The Largest Sum of Averages coding problem asks you to partition an array into at most k non-empty adjacent subarrays. The goal is to maximize the sum of the averages of these subarrays. Each element must belong to exactly one subarray, and the order of elements must be preserved.
This "Medium" difficulty problem is a favorite at Amazon and Google because it tests Dynamic Programming skills and the ability to optimize range queries using prefix sums. It requires you to make a sequence of decisions (where to split the array) where each decision affects the remaining possibilities, a hallmark of DP. It also evaluates your ability to handle floating-point arithmetic and maximize a specific objective function.
The problem utilizes the Dynamic Programming and Prefix Sum interview pattern. Let dp[i][k] be the maximum sum of averages for the first i elements partitioned into k groups. To calculate dp[i][k], we iterate through all possible split points j < i, calculating the average of the subarray from j to i and adding it to dp[j][k-1]. Prefix sums are used to calculate the sum of any subarray in O(1) time.

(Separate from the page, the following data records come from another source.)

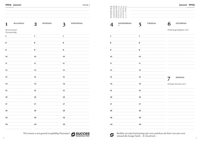 | Pagina indeling: | 7 dagen per 2 pagina's |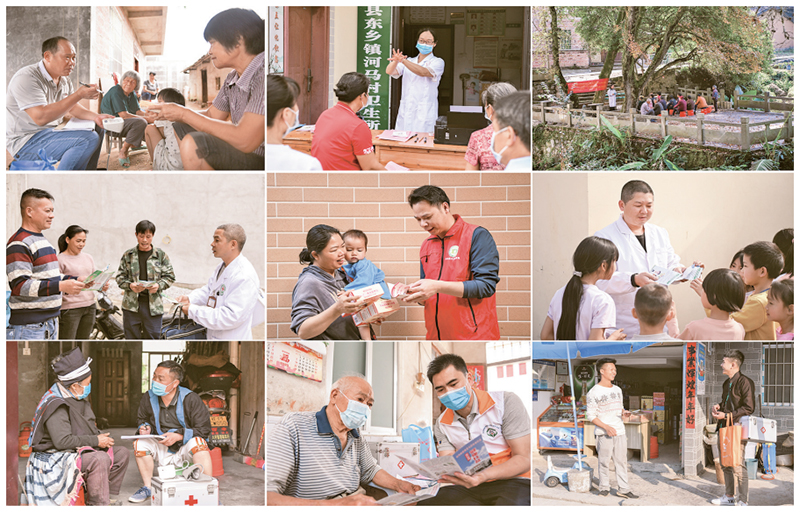 2024年8月19日是第七个中国医师节。让更多群众能在“家门口”看病,是深化医药卫生体制改革的重要目标。最新数据显示,我国有495万名基层卫生健康工作者,其中有110万名乡村医生,发挥着“健康守门人”的重要作用。这张拼版照片显示的是乡村医生们在出诊中开展健康咨询及知识宣传工作。新华社记者 曹祎铭/摄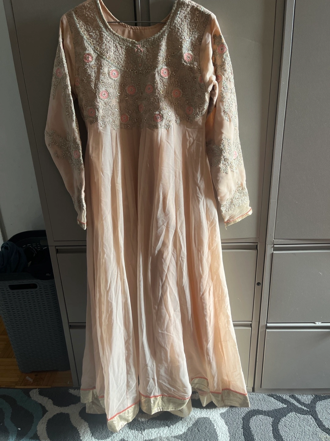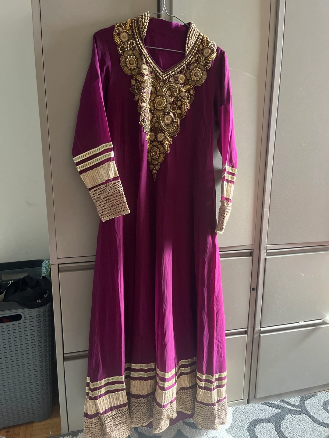 Selling a set of four Anarkali dresses. They are in excellent condition and feature beautiful embroidery and detailing. Perfect for special occasions!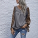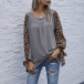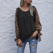 Fashion Leopard Spliced Long Sleeve Round Neck Loose T-shirt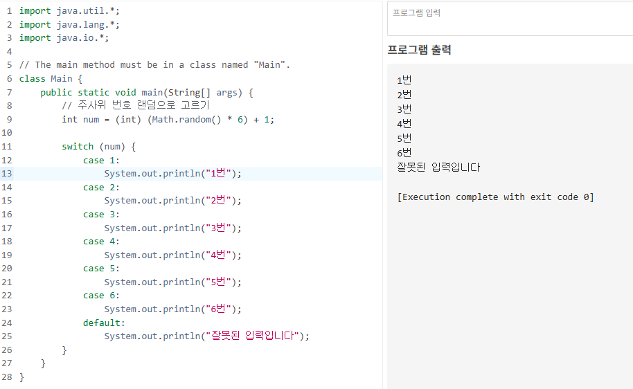 사용예시1: 자바 컴파일러 사이트(https://www.mycompiler.io/ko/new/java)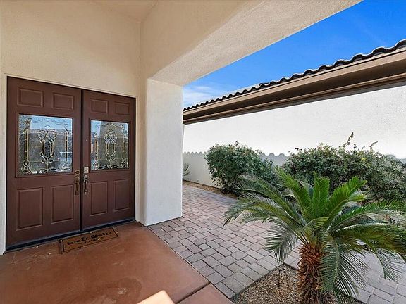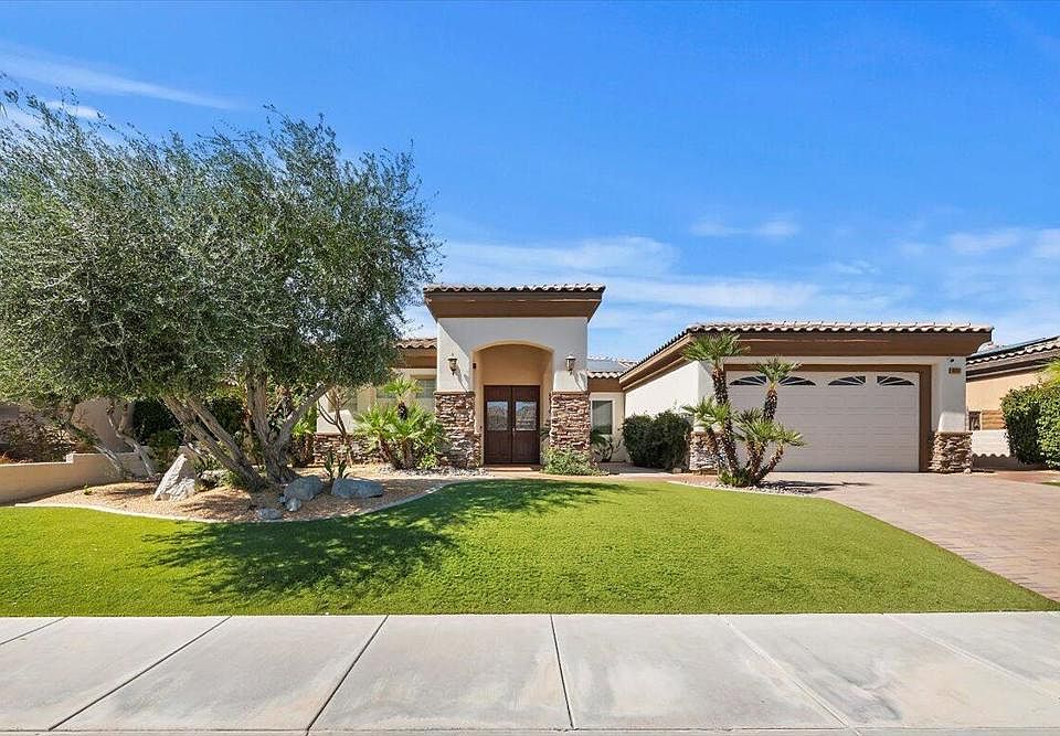 Discover your desert oasis at Sandpiper, located in one of Palm Desert's most desirable non-gated communities just off West Hovley. This stunning home, with its exquisite stone-front exterior, offers a blend of luxury and convenience that's truly hard to find. Featuring three spacious bedrooms and a versatile office or den that can easily be transformed into a fourth bedroom, this home is designed for both comfort and flexibility. Each bedroom comes with its own private bathroom, ensuring privacy for everyone, while the primary suite indulges you with a separate soaking tub and shower, offering a true retreat. The chef's kitchen is a dream come true, equipped with a 6-burner stove, a large island with bullnose granite, and ample storage space. A butler's pantry with a sink and wine cooler makes entertaining effortless. The family room is equally impressive, showcasing custom wood cabinetry and an elegant gas fireplace framed by a wood mantle and granite surround. A formal dining area provides the perfect space for gatherings and celebrations, while luxury vinyl flooring flows throughout the home, creating a cohesive and upscale feel. This home is designed for sustainable and low-maintenance living. Enjoy the benefit of solar energy with a significant credit from the electric company, and the front and back yards feature artificial turf for easy upkeep. Energy-efficient shutters adorn the primary bedroom, bath, kitchen, and family room, helping to keep your home cool and comfortable. Additional touches like storage cabinets in the two-car garage and a laundry room sink add to the convenience and functionality of this home. Step outside to your private resort-style backyard, complete with a large pebble-tec pool and a raised spa, all set against breathtaking mountain views. An extended patio with an overhang provides the ideal spot for outdoor dining or relaxing in the shade. The office or den is a standout feature, boasting a beautiful wood bookcase with a ladder, perfect for those who appreciate custom details. Tall ceilings enhance the open and airy feel of the space, making it a truly inviting place to call home. Pavered driveway. With no HOA dues and a move-in-ready condition, this home is a rare find. Its location combines privacy with convenience, making it the perfect place to enjoy the Palm Desert lifestyle. Don't miss out--reach out today to schedule a private showing and discover all that this incredible home has to offer!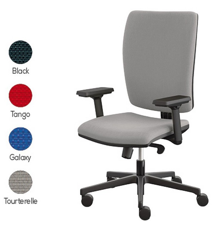Siège de travail aux dimensions généreuses. Mécanisme synchrone, à blocage multipositions avec système anti-retour du dossier, réglable en intensité. Dossier réglable en hauteur par crémaillère. Réglage de la hauteur d'assise par vérin à gaz. Accoudoirs 3D réglables en hauteur, largeur, profondeur.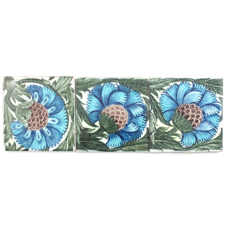 Three William De Morgan Late Fulham Period BBB tiles, glazed in shades of green, blue and white impressed marks, 15.5cm. square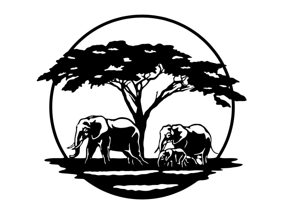 Dekorace na zeď - Africké designy - Kruh sloni pod stromem

Array: [9, 1, 2, 3], k = 3.
Possible partition: [9], [1], [2, 3]
[9, 1], [2], [3]One common mistake is using a greedy approach (e.g., trying to put large numbers in their own subarrays), which doesn't work for this problem. Another is forgetting that we can use at most k subarrays, though the optimal solution usually uses exactly k (unless the average would decrease). Failing to use prefix sums leads to an O(N³) or O(N⁴) solution, which may be too slow.
When you see "partition an array into k groups" and "maximize some sum," think Dynamic Programming. Practice identifying the "state" of your DP—usually the number of elements processed and the number of partitions used.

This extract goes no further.